You can configure the storage backend using Sepia::Storage.configure.

Garbage Collection

Sepia includes a mark-and-sweep garbage collector (GC) to automatically find and delete orphaned objects from storage.

New Requirement: Inheriting from Sepia::Object

To enable garbage collection and other shared features, all classes that you intend to manage with Sepia must inherit from the Sepia::Object base class.

class MySerializable < Sepia::Object
  include Sepia::Serializable
  # ...
end

class MyContainer < Sepia::Object
  include Sepia::Container
  # ...
end

How it Works

The garbage collector identifies "live" objects by starting from a set of "root objects" that you provide. It marks them and any object they reference (and so on recursively) as "live". Any object in storage that is not marked as live is considered an orphan and is deleted.

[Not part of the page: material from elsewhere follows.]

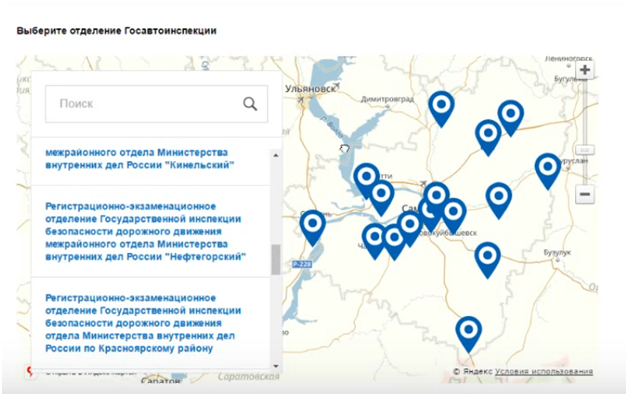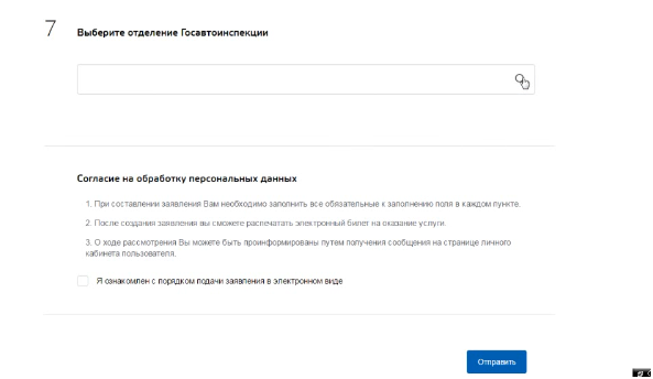 - Указать отделение Государственной автомобильной инспекции, в котором планируется получение документа.
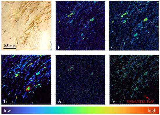 To better characterize Al and V leaching on a wider field-of-view with approximately 10 times better sensitivity, the tissue specimen was eventually transferred to the micro-beam endstation for performing micro-PIXE measurements. Elemental maps of the tissue using Micro-PIXE are shown in Figure 6. These maps were obtained using GeoPIXE 7.5 software [62] (CSIRO, Australia), which allows the univocal elemental characterization of the features observed with optical microscopy. The main elements constituting the alloy, Ti, V and Al, were identified throughout the tissue in the shape of heterogeneous debris of sizes ranging from 200 µm down to the µm lateral resolution limit.

To run the collector, you must pass an Enumerable (like an Array) of the objects you consider to be the roots.

# Assume my_app_roots is an array containing the top-level
# objects that your application considers the starting point.
my_app_roots = [user1, user2, top_level_board]

# Find and delete all orphaned objects
deleted_summary = Sepia::Storage.gc(roots: my_app_roots)

# To get a report of what would be deleted without actually deleting anything:
orphans = Sepia::Storage.gc(roots: my_app_roots, dry_run: true)

# To garbage collect everything, pass an empty array:
deleted_summary = Sepia::Storage.gc(roots: [] of Sepia::Object)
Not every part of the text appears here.